## WHAT YOU ARE ASKED TO DO
Your task is to copy exactly the lines from the line containing "12V Pink Battery-Powered" through the end of the listing below, with pictures left out.

## DATA IN THIS EXERCISE
'''
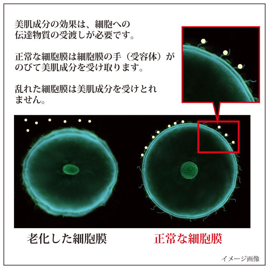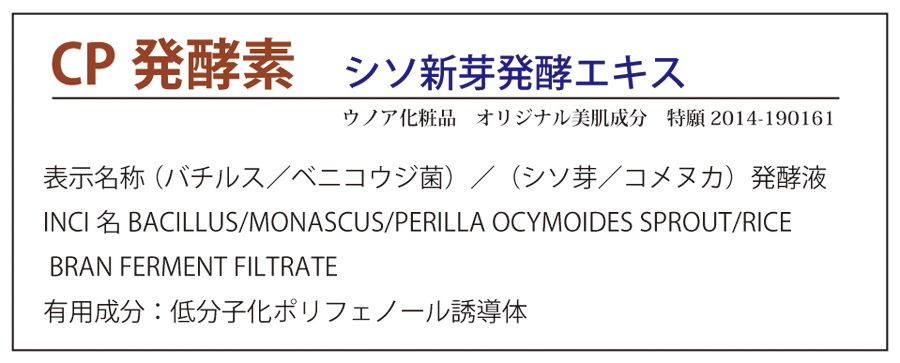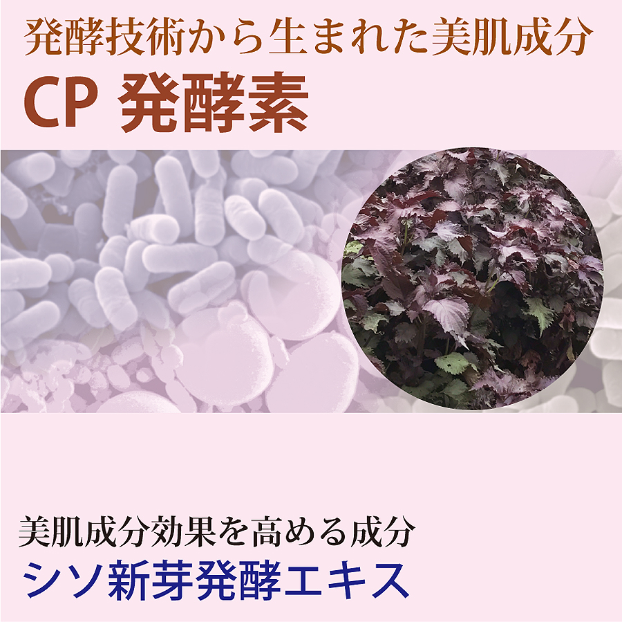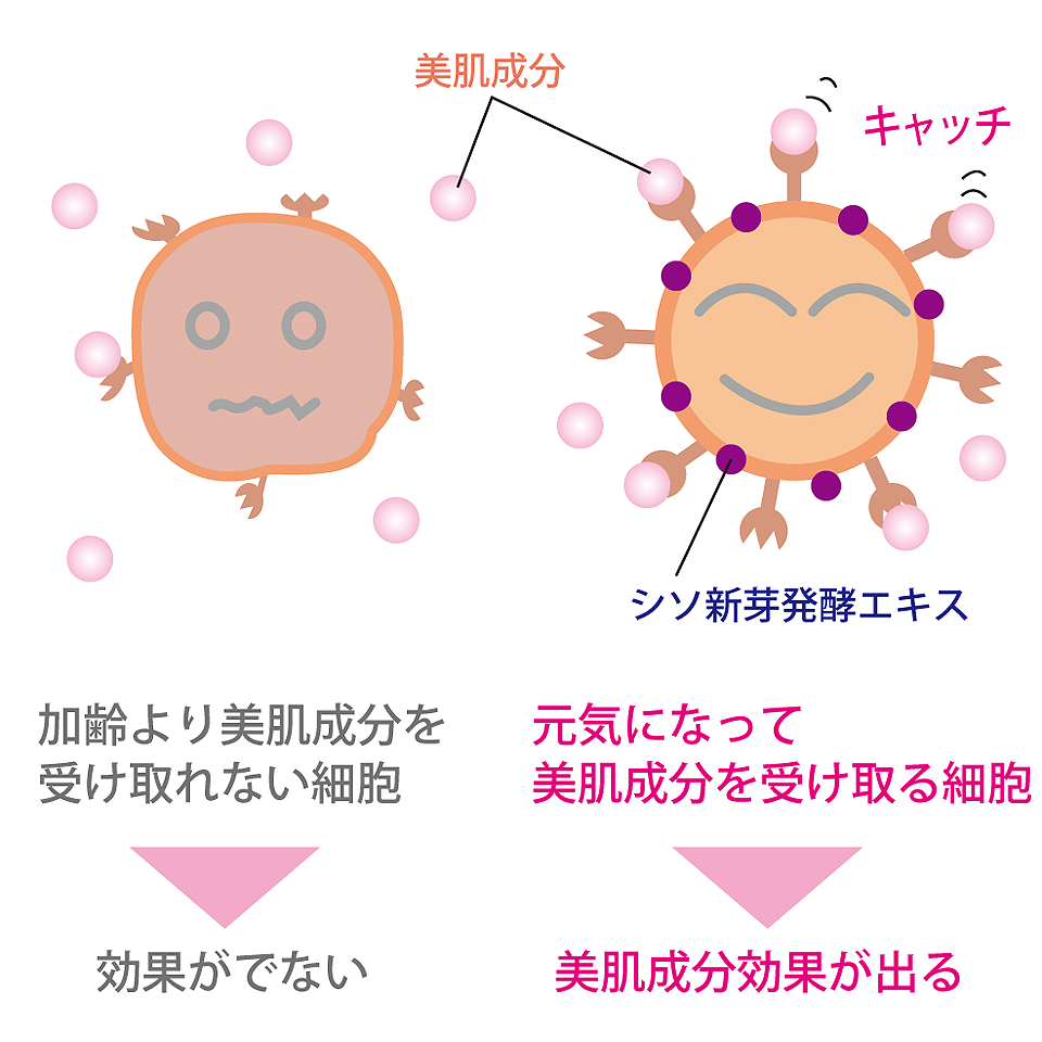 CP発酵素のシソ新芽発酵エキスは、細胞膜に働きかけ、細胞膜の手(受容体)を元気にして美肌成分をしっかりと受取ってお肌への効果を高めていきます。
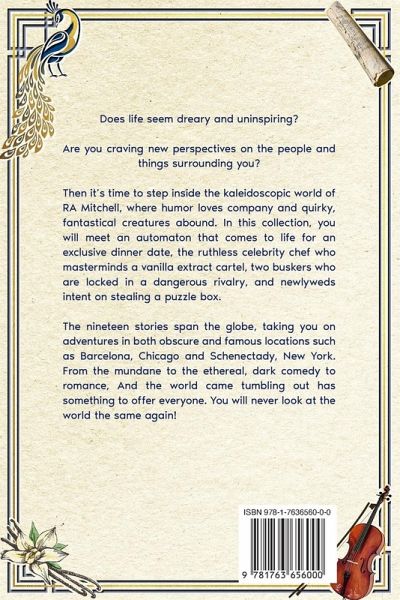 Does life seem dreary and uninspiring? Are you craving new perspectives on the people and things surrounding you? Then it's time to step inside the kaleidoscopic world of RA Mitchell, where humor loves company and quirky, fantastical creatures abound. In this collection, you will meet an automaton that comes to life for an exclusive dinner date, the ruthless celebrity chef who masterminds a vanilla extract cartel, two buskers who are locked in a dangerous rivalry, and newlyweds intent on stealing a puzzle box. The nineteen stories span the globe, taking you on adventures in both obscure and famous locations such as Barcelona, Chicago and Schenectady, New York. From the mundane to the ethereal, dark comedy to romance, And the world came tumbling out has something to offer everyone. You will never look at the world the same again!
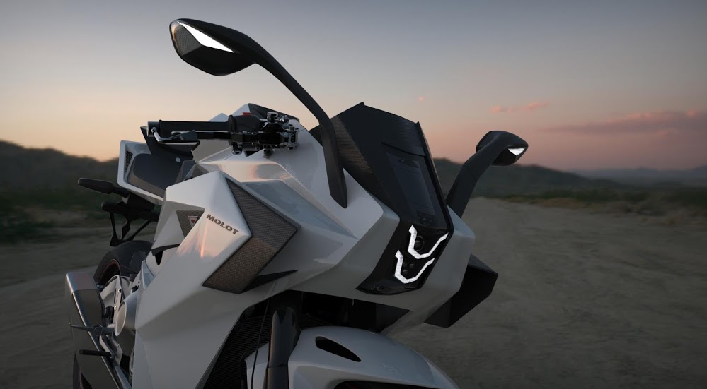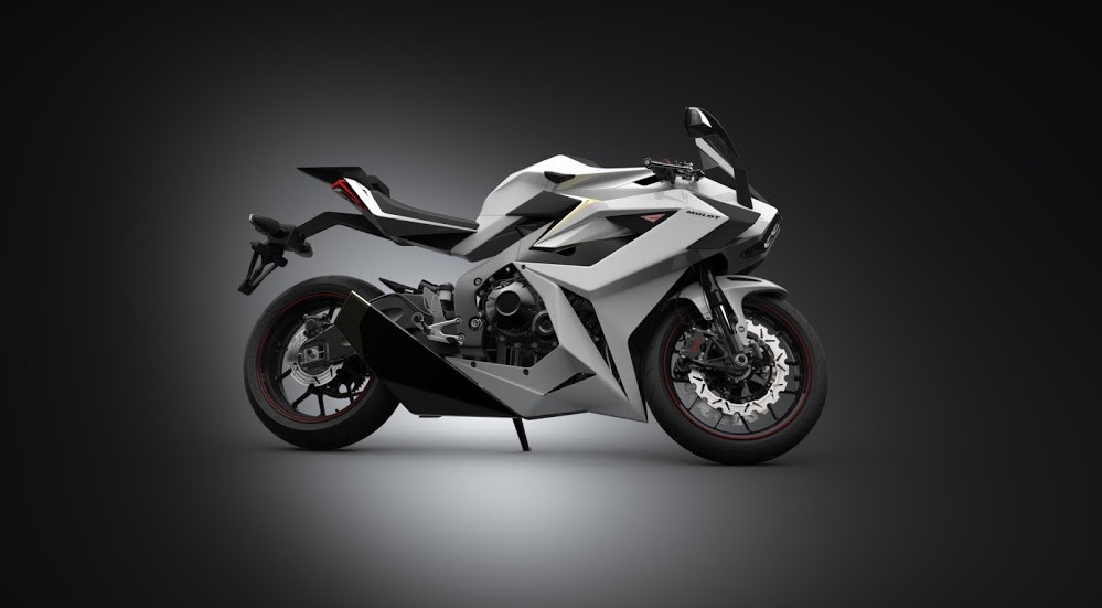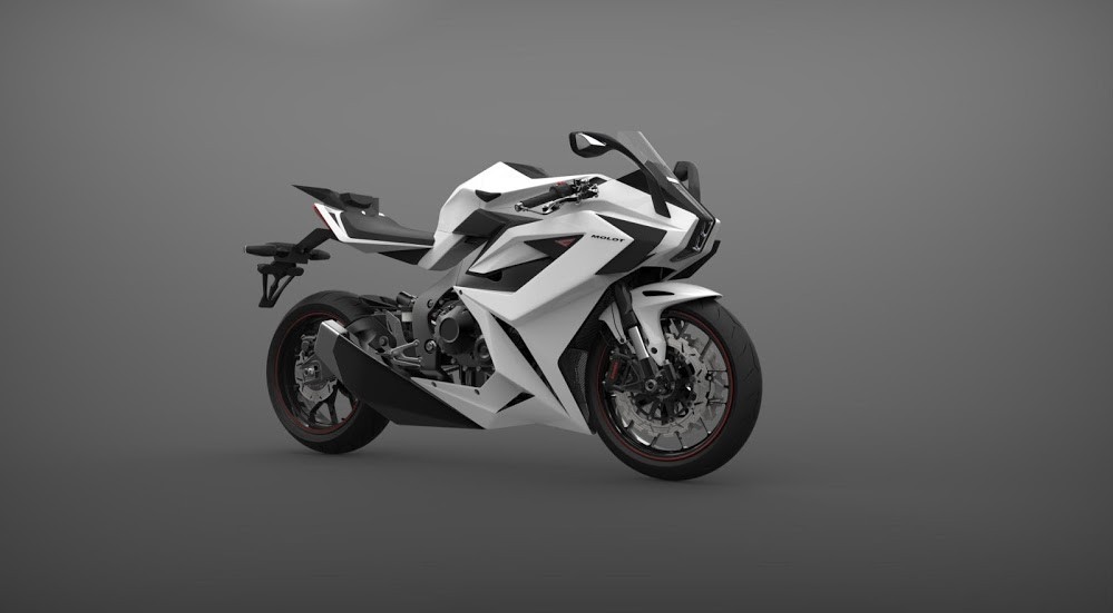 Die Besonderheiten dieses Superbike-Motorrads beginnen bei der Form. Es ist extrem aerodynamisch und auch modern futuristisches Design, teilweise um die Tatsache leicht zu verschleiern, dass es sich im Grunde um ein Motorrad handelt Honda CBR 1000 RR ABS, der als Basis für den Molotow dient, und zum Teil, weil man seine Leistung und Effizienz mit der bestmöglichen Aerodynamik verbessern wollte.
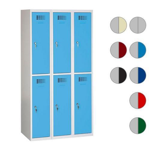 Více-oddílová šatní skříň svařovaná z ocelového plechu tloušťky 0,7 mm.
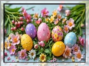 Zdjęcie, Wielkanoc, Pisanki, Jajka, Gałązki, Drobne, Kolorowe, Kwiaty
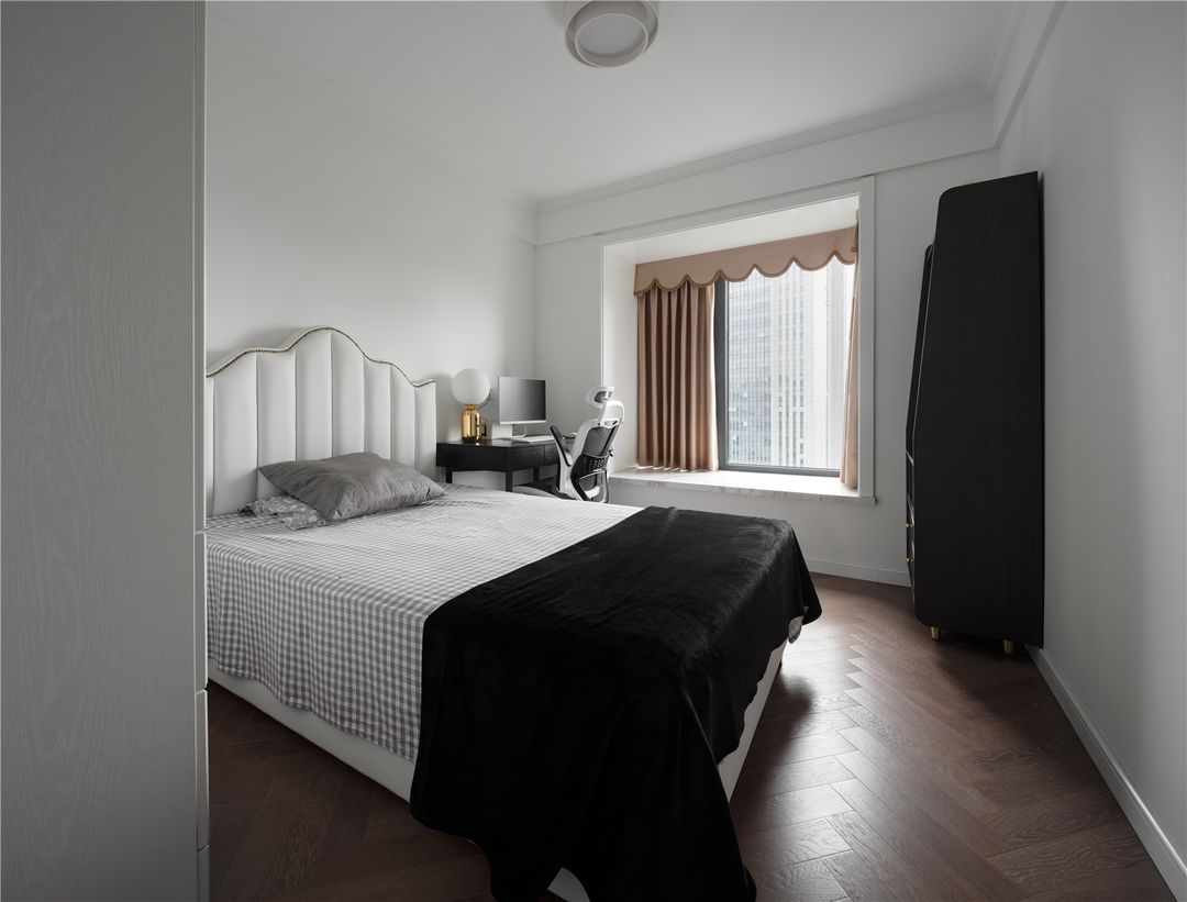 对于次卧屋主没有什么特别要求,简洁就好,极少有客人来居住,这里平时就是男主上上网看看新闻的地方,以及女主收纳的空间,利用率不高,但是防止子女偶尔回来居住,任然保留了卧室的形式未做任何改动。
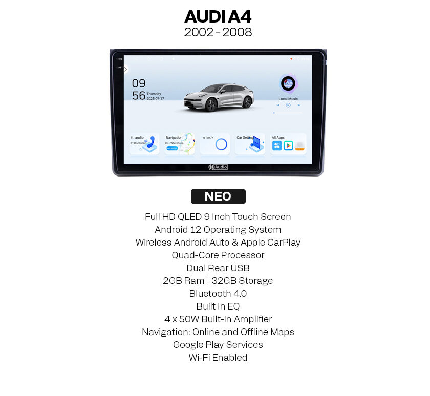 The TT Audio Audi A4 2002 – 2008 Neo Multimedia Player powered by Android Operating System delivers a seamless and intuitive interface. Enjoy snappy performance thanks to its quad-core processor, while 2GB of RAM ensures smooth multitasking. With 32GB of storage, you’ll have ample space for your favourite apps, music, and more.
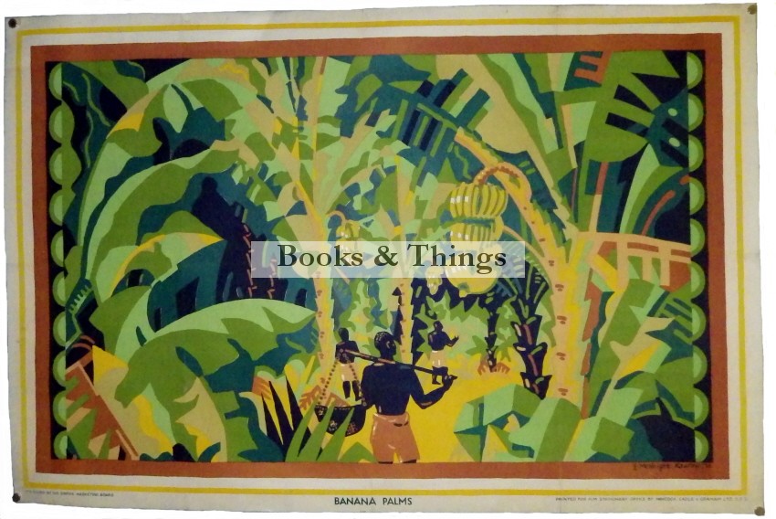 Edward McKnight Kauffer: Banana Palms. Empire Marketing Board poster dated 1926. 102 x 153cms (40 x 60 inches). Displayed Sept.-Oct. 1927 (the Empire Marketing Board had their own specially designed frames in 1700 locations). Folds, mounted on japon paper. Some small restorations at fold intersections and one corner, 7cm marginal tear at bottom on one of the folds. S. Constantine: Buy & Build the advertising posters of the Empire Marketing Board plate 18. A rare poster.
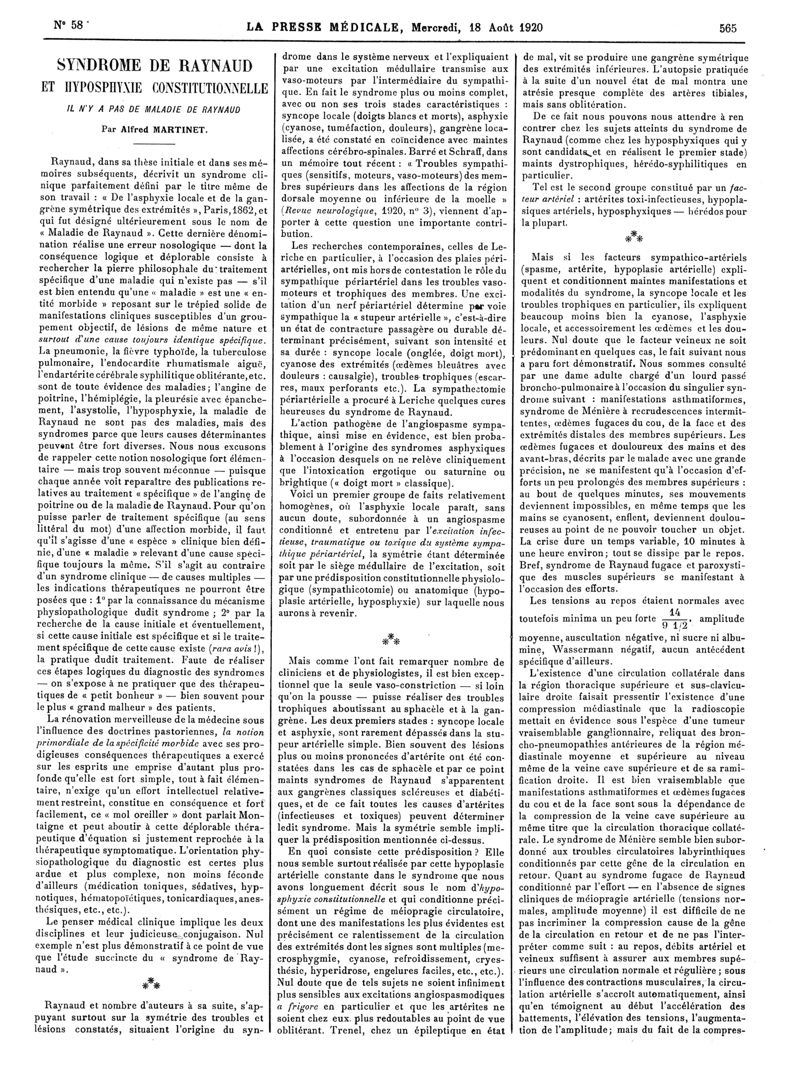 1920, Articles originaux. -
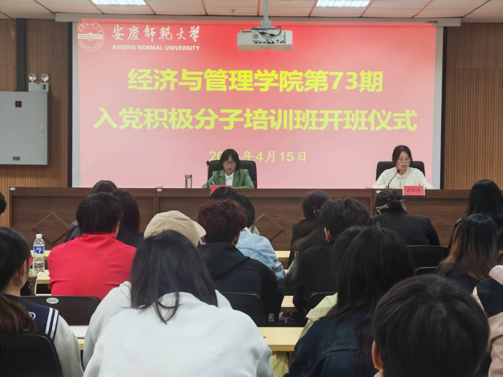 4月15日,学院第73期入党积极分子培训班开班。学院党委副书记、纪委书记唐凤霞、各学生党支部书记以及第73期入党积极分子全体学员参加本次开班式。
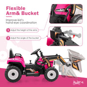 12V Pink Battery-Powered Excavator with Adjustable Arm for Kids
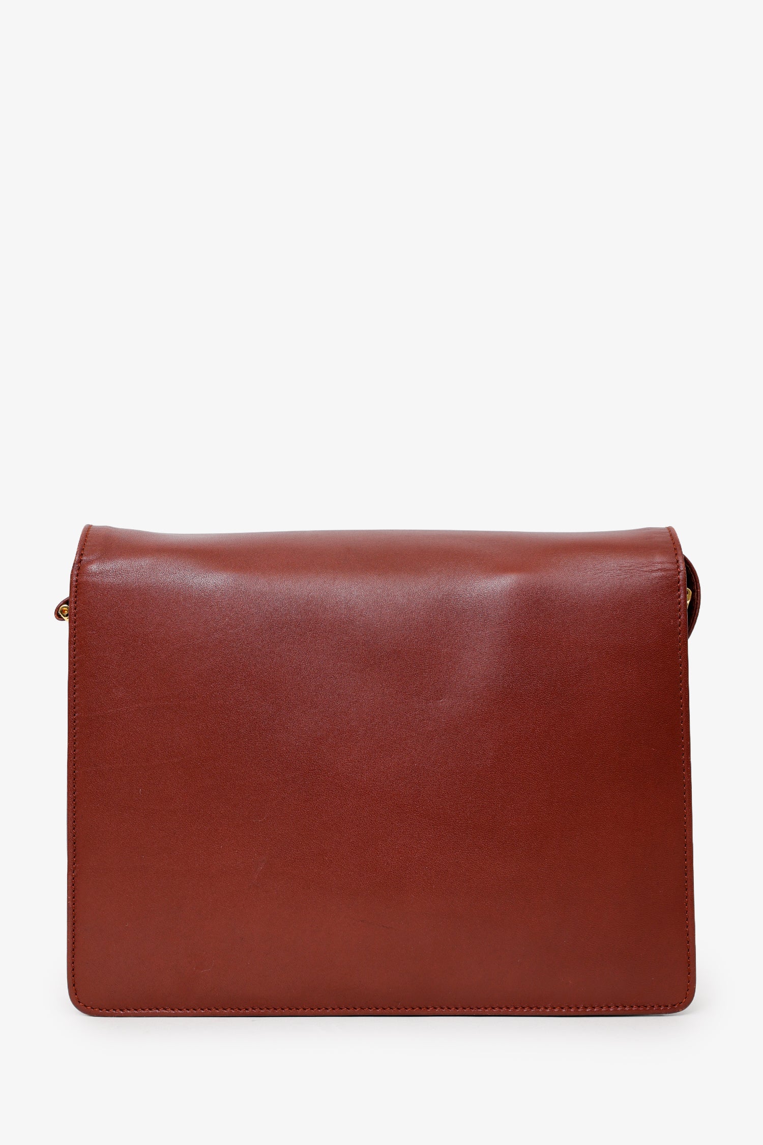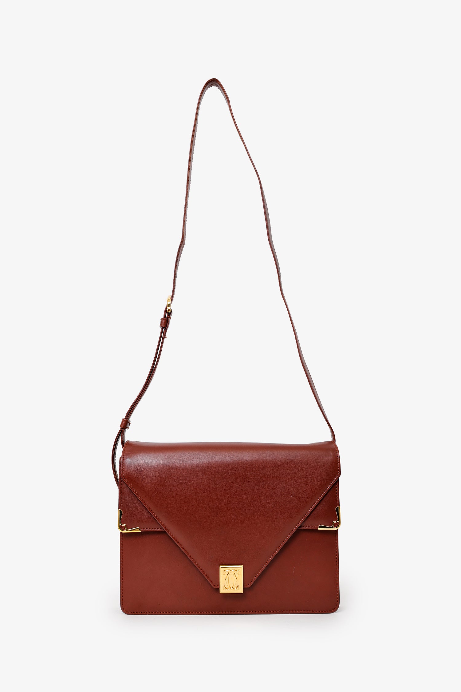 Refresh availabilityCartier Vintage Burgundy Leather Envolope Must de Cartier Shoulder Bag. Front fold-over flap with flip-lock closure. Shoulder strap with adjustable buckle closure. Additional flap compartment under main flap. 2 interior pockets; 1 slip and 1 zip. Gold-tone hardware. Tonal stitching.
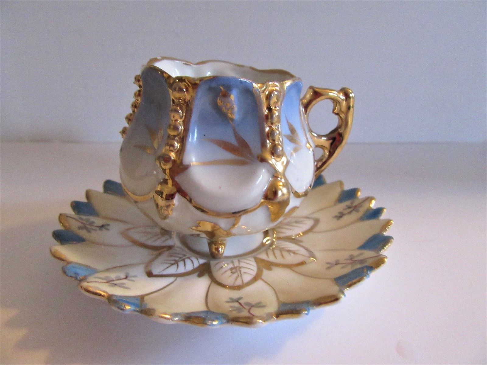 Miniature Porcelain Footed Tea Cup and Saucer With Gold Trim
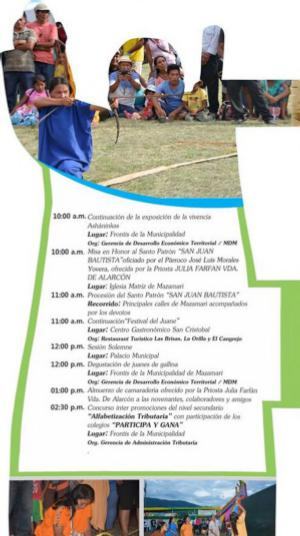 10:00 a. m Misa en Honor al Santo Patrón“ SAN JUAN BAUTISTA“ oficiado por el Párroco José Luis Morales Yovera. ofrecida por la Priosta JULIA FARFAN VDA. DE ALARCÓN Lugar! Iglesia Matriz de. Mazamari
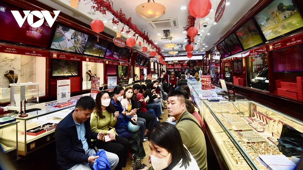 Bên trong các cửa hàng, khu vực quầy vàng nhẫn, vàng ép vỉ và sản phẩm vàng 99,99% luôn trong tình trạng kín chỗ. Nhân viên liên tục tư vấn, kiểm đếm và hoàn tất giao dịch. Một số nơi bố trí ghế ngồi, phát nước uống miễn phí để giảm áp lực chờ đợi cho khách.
'''
## RESULT FOR THIS TASK
 12V Pink Battery-Powered Excavator with Adjustable Arm for Kids
 Refresh availabilityCartier Vintage Burgundy Leather Envolope Must de Cartier Shoulder Bag. Front fold-over flap with flip-lock closure. Shoulder strap with adjustable buckle closure. Additional flap compartment under main flap. 2 interior pockets; 1 slip and 1 zip. Gold-tone hardware. Tonal stitching.
 Miniature Porcelain Footed Tea Cup and Saucer With Gold Trim
 10:00 a. m Misa en Honor al Santo Patrón“ SAN JUAN BAUTISTA“ oficiado por el Párroco José Luis Morales Yovera. ofrecida por la Priosta JULIA FARFAN VDA. DE ALARCÓN Lugar! Iglesia Matriz de. Mazamari
 Bên trong các cửa hàng, khu vực quầy vàng nhẫn, vàng ép vỉ và sản phẩm vàng 99,99% luôn trong tình trạng kín chỗ. Nhân viên liên tục tư vấn, kiểm đếm và hoàn tất giao dịch. Một số nơi bố trí ghế ngồi, phát nước uống miễn phí để giảm áp lực chờ đợi cho khách.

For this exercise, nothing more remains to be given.